## WHAT IS BEING ASKED
Write out all of the records exactly once more and skip the images.

## DATA UNDER STUDY
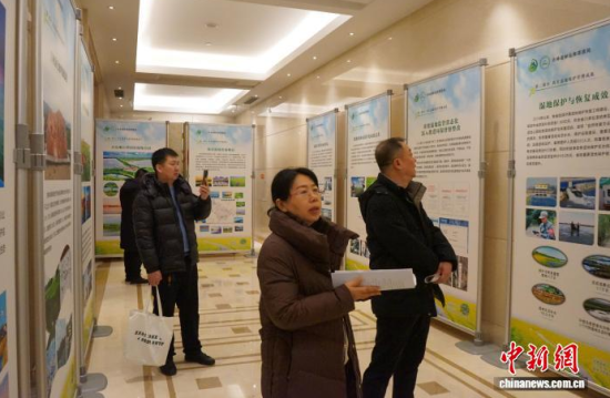 2月2日,參會(huì)人員在參觀吉林省濕地保護(hù)宣傳板。 單碩 攝
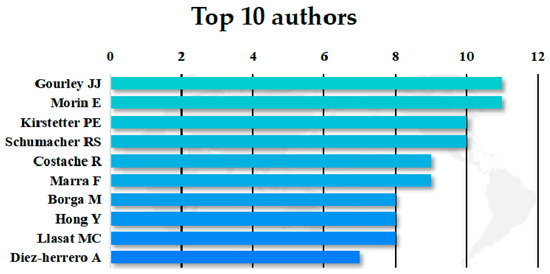 Influence of the authors: A total of 2830 authors have published papers in this field. As shown in Figure 7, the authors publishing the largest number of papers are Gourley and Morin, who tied for first place with 11 papers. Gourley et al. were committed to the research of hydrology and meteorology, and their five documents were published in the Journal of Hydrology. Their contributions in this field were mainly reflected in: (1) carrying out statistics and analysis of human impact by using a flash flood event database and introducing physical parameters [89]; (2) measuring the severity of flash floods by introducing a new variable called “flashiness“ [90]; (3) proposing a new method [91] to collect near real-time high-resolution observation data on environmental conditions and disastrous consequences, and improving the accuracy of predicting the temporal and spatial changes in flash flood disasters by evaluating the radar-based prediction tools. Morin et al. focused on the research of hydrology and geosciences, aiming to determine the significant differences of three weather systems (namely, Mediterranean cyclone (MC), active red sea trough (ARST), and subtropical jet stream (STJ)) that can trigger flash floods in hydrometeorology [92]. They also proposed to replace the lower threshold of secondary flow in transient alluvial rivers in arid environments with an initial geomorphic index of flash floods in an alluvial river (AFIG) [93], so as to reliably estimate flash floods and establish a flash flood early warning system. The authors with the second largest number of published papers are Kirstetter and Schumacher [89], who had extensive cooperation and also carried out research in hydrology and meteorology. Schumacher et al. mainly researched atmospheric science and hydrometeorology, and he proposed a conceptual model of extreme rainfall processes near the middle atmospheric circulation [94].
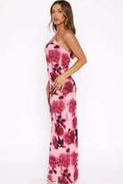 De Amara Dress is een elegante maxi slipdress die romantiek en verfijning uitstraalt. Met zijn slanke silhouet en vloeiende stof benadrukt de jurk op subtiele wijze de vormen, terwijl de roze bloemenprint zorgt voor een speelse en vrouwelijke uitstraling. De zachte glans van de stof geeft de jurk een luxueuze touch, perfect voor diners, bruiloften of zomerse avondfeesten.
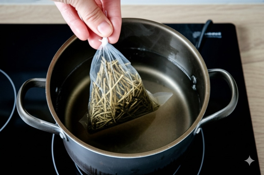 <이미지: 냄비에 멸치 다시마 팩을 넣고 육수를 끓이는 모습>
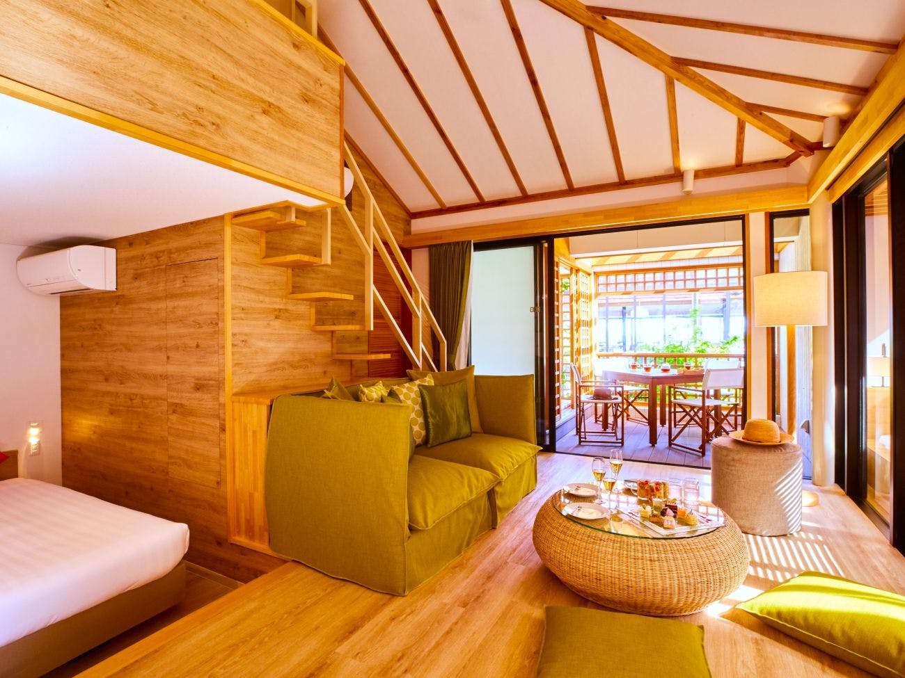 客室の広さは室内42平米(+ロフトつき)+テラス10平米、全室ジェットバス、洗濯機つき、2ベッドルームです。
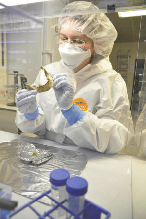 Scientist Verena Schuenemann is shown examining the lower jaw bone
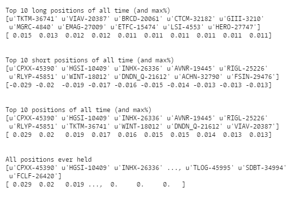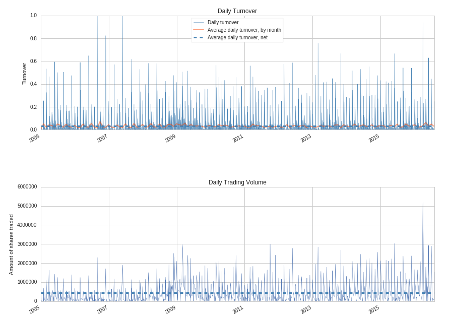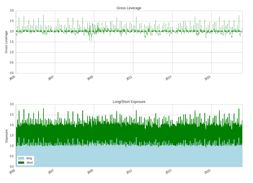 Gross leverage never exceeds the Quantopian max of 3x. However, what is not shown is that net leverage was consistently near zero indicating long and short positions were balanced. The Long/Short Exposure plot shows this quite well. Turnover seems reasonable given that the strategy maintained anywhere from ~400-500 positions at a time. Trading volume seems to be increasing over time but that could be illusory due to the recent large spike in late 2015/early 2016. Position exposure is what we would expect with the top long position weighted less than 2% and the top short position less than 3%.
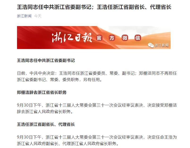 日前,中共中央决定:王浩同志任浙江省委委员、常委、副书记;郑栅洁同志不再担任浙江省委副书记、常委、委员职务,另有任用。
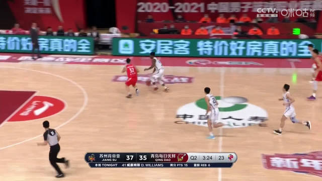 [咪咕全场集锦] 威尔斯30+8 亚当斯22+9 江苏送青岛4连败
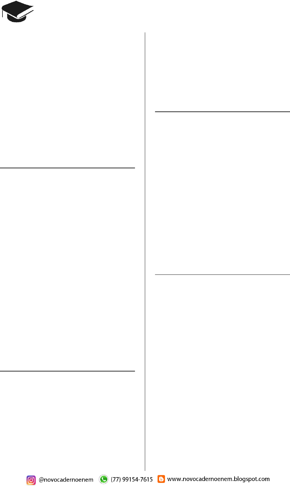 CADERNO BIOLOGIA ENEM 2009 a 2018 114 Qual foi a orientação dada à jovem pelo médi- co? A) Usar repelentes e telas em janelas, já que a doença é transmitida por mosquito. B) Evitar nadar em rios, lagos e lagoas da regi- ão, já que a doença é transmitida pela água contaminada. C) Evitar contato com animais de zoológicos, uma vez que se trata de uma zoonose veiculada por grandes mamíferos. D) Realizar exames médicos periódicos para detectar precocemente a doença, já que se trata de uma enfermidade hereditária. E) Manter uma dieta balanceada e prática regu- lar de atividades físicas, uma vez que a doença está associada ao sedentarismo. Questão 403 (2018.2) Em pacientes portadores de astrocitoma pilocíti- co, um tipo de tumor cerebral, o gene BRAF se quebra e parte dele se funde a outro gene, o KIAA1549. Para detectar essa alteração cro- mossômica, foi desenvolvida uma sonda que é um fragmento de DNA que contém partículas fluorescentes capazes de reagir com o genes BRAF e KIAA1549 fazendo cada um deles emi- tir uma cor diferente. Em uma célula normal, como os dois genes estão em regiões distintas do genoma, as duas cores aparecem separa- damente. Já quando há a fusão dos dois genes, as cores aparecem sobrepostas. (Disponível em: http://agencia.fapesp.br. Acesso em: 3 out. 2015) A alteração cromossômica presente nos pacien- tes com astrocitoma pilocítico é classificada como: A) estrutural do tipo deleção. B) numérica do tipo euploidia. C) estrutural do tipo duplicação. D) numérica do tipo aneuploidia. E) estrutural do tipo translocação. Questão 404 (2018.2) Do ponto de vista genético, o número de cro- mossomos é uma característica marcante de cada espécie. A goiabeira (Psidium guajava L.), por exemplo, apresenta como padrão específico 22 cromossomos. A organização celular do ga- metófito feminino (saco embrionário) das flores de Angiospermas é complexa, sendo formado por um conjunto de oito células que, após a fecundação, originarão células com diferentes números cromossômicos. Nesse grupo, as célu- las somáticas são diploides, as gaméticas são haploides e o tecido de reserva da semente é triploide. Durante o ciclo de vida de uma goiabeira, quan- tos cromossomos podem ser encontrados, res- pectivamente, A) 22, 22, 33 B) 11, 22, 33 C) 22, 44, 33 D) 11, 22, 44 E) 11, 22, 22 Questão 405 (2018.2) O monóxido de carbono (CO) é um gás extre- mamente tóxico. Ele interfere no processo respi- ratório dos vertebrados, pois se o CO estiver presente no ar, haverá no sangue uma "compe- tição" entre o CO e O2. Infelizmente, grande parte da população convive diariamente com a presença desse gás, uma vez que ele é produzido em grandes quantida- des: A) nas queimadas em matas e florestas. B) na decomposição da matéria orgânica nos "lixões" urbanos. C) no abdômen de animais ruminantes criados em sistemas de confinamento. D) no processo de combustão incompleta de combustíveis fósseis. E) nas chaminés das indústrias que utilizam madeira de reflorestamento como combustível. Questão 406 (2018.2) Gregor Mendel, no século XIX, investigou os mecanismos da herança genética observando algumas características de plantas de ervilha, como a produção de sementes lisas (dominan- te) ou rugosas (recessiva), característica deter- minada por um par de alelos com dominância completa. Ele acreditava que a herança era transmitida por fatores que, mesmo não perce- bidos nas características visíveis (fenótipo) de plantas híbridas (resultantes de cruzamentos de linhagens puras), estariam presentes e se mani- festariam em gerações futuras. A autofecundação que fornece dados para cor- roborar a ideia da transmissão dos fatores idea- lizada por Mendel ocorre entre plantas: A) híbridas, de fenótipo dominante, que produ- zem apenas sementes lisas. B) híbridas, de fenótipo dominante, que produ- zem sementes lisas e rugosas. C) de linhagem pura, de fenótipo dominante, que produzem apenas sementes lisas. D) de linhagem pura, de fenótipo recessivo, que produzem sementes lisas e rugosas. E) de linhagem pura, de fenótipo recessivo, que produzem apenas sementes rugosas.

## RESPONSE TO THIS TASK
 2月2日,參會(huì)人員在參觀吉林省濕地保護(hù)宣傳板。 單碩 攝
 Influence of the authors: A total of 2830 authors have published papers in this field. As shown in Figure 7, the authors publishing the largest number of papers are Gourley and Morin, who tied for first place with 11 papers. Gourley et al. were committed to the research of hydrology and meteorology, and their five documents were published in the Journal of Hydrology. Their contributions in this field were mainly reflected in: (1) carrying out statistics and analysis of human impact by using a flash flood event database and introducing physical parameters [89]; (2) measuring the severity of flash floods by introducing a new variable called “flashiness“ [90]; (3) proposing a new method [91] to collect near real-time high-resolution observation data on environmental conditions and disastrous consequences, and improving the accuracy of predicting the temporal and spatial changes in flash flood disasters by evaluating the radar-based prediction tools. Morin et al. focused on the research of hydrology and geosciences, aiming to determine the significant differences of three weather systems (namely, Mediterranean cyclone (MC), active red sea trough (ARST), and subtropical jet stream (STJ)) that can trigger flash floods in hydrometeorology [92]. They also proposed to replace the lower threshold of secondary flow in transient alluvial rivers in arid environments with an initial geomorphic index of flash floods in an alluvial river (AFIG) [93], so as to reliably estimate flash floods and establish a flash flood early warning system. The authors with the second largest number of published papers are Kirstetter and Schumacher [89], who had extensive cooperation and also carried out research in hydrology and meteorology. Schumacher et al. mainly researched atmospheric science and hydrometeorology, and he proposed a conceptual model of extreme rainfall processes near the middle atmospheric circulation [94].
 De Amara Dress is een elegante maxi slipdress die romantiek en verfijning uitstraalt. Met zijn slanke silhouet en vloeiende stof benadrukt de jurk op subtiele wijze de vormen, terwijl de roze bloemenprint zorgt voor een speelse en vrouwelijke uitstraling. De zachte glans van de stof geeft de jurk een luxueuze touch, perfect voor diners, bruiloften of zomerse avondfeesten.
 <이미지: 냄비에 멸치 다시마 팩을 넣고 육수를 끓이는 모습>
 客室の広さは室内42平米(+ロフトつき)+テラス10平米、全室ジェットバス、洗濯機つき、2ベッドルームです。
 Scientist Verena Schuenemann is shown examining the lower jaw bone
 Gross leverage never exceeds the Quantopian max of 3x. However, what is not shown is that net leverage was consistently near zero indicating long and short positions were balanced. The Long/Short Exposure plot shows this quite well. Turnover seems reasonable given that the strategy maintained anywhere from ~400-500 positions at a time. Trading volume seems to be increasing over time but that could be illusory due to the recent large spike in late 2015/early 2016. Position exposure is what we would expect with the top long position weighted less than 2% and the top short position less than 3%.
 日前,中共中央决定:王浩同志任浙江省委委员、常委、副书记;郑栅洁同志不再担任浙江省委副书记、常委、委员职务,另有任用。
 [咪咕全场集锦] 威尔斯30+8 亚当斯22+9 江苏送青岛4连败
 CADERNO BIOLOGIA ENEM 2009 a 2018 114 Qual foi a orientação dada à jovem pelo médi- co? A) Usar repelentes e telas em janelas, já que a doença é transmitida por mosquito. B) Evitar nadar em rios, lagos e lagoas da regi- ão, já que a doença é transmitida pela água contaminada. C) Evitar contato com animais de zoológicos, uma vez que se trata de uma zoonose veiculada por grandes mamíferos. D) Realizar exames médicos periódicos para detectar precocemente a doença, já que se trata de uma enfermidade hereditária. E) Manter uma dieta balanceada e prática regu- lar de atividades físicas, uma vez que a doença está associada ao sedentarismo. Questão 403 (2018.2) Em pacientes portadores de astrocitoma pilocíti- co, um tipo de tumor cerebral, o gene BRAF se quebra e parte dele se funde a outro gene, o KIAA1549. Para detectar essa alteração cro- mossômica, foi desenvolvida uma sonda que é um fragmento de DNA que contém partículas fluorescentes capazes de reagir com o genes BRAF e KIAA1549 fazendo cada um deles emi- tir uma cor diferente. Em uma célula normal, como os dois genes estão em regiões distintas do genoma, as duas cores aparecem separa- damente. Já quando há a fusão dos dois genes, as cores aparecem sobrepostas. (Disponível em: http://agencia.fapesp.br. Acesso em: 3 out. 2015) A alteração cromossômica presente nos pacien- tes com astrocitoma pilocítico é classificada como: A) estrutural do tipo deleção. B) numérica do tipo euploidia. C) estrutural do tipo duplicação. D) numérica do tipo aneuploidia. E) estrutural do tipo translocação. Questão 404 (2018.2) Do ponto de vista genético, o número de cro- mossomos é uma característica marcante de cada espécie. A goiabeira (Psidium guajava L.), por exemplo, apresenta como padrão específico 22 cromossomos. A organização celular do ga- metófito feminino (saco embrionário) das flores de Angiospermas é complexa, sendo formado por um conjunto de oito células que, após a fecundação, originarão células com diferentes números cromossômicos. Nesse grupo, as célu- las somáticas são diploides, as gaméticas são haploides e o tecido de reserva da semente é triploide. Durante o ciclo de vida de uma goiabeira, quan- tos cromossomos podem ser encontrados, res- pectivamente, A) 22, 22, 33 B) 11, 22, 33 C) 22, 44, 33 D) 11, 22, 44 E) 11, 22, 22 Questão 405 (2018.2) O monóxido de carbono (CO) é um gás extre- mamente tóxico. Ele interfere no processo respi- ratório dos vertebrados, pois se o CO estiver presente no ar, haverá no sangue uma "compe- tição" entre o CO e O2. Infelizmente, grande parte da população convive diariamente com a presença desse gás, uma vez que ele é produzido em grandes quantida- des: A) nas queimadas em matas e florestas. B) na decomposição da matéria orgânica nos "lixões" urbanos. C) no abdômen de animais ruminantes criados em sistemas de confinamento. D) no processo de combustão incompleta de combustíveis fósseis. E) nas chaminés das indústrias que utilizam madeira de reflorestamento como combustível. Questão 406 (2018.2) Gregor Mendel, no século XIX, investigou os mecanismos da herança genética observando algumas características de plantas de ervilha, como a produção de sementes lisas (dominan- te) ou rugosas (recessiva), característica deter- minada por um par de alelos com dominância completa. Ele acreditava que a herança era transmitida por fatores que, mesmo não perce- bidos nas características visíveis (fenótipo) de plantas híbridas (resultantes de cruzamentos de linhagens puras), estariam presentes e se mani- festariam em gerações futuras. A autofecundação que fornece dados para cor- roborar a ideia da transmissão dos fatores idea- lizada por Mendel ocorre entre plantas: A) híbridas, de fenótipo dominante, que produ- zem apenas sementes lisas. B) híbridas, de fenótipo dominante, que produ- zem sementes lisas e rugosas. C) de linhagem pura, de fenótipo dominante, que produzem apenas sementes lisas. D) de linhagem pura, de fenótipo recessivo, que produzem sementes lisas e rugosas. E) de linhagem pura, de fenótipo recessivo, que produzem apenas sementes rugosas.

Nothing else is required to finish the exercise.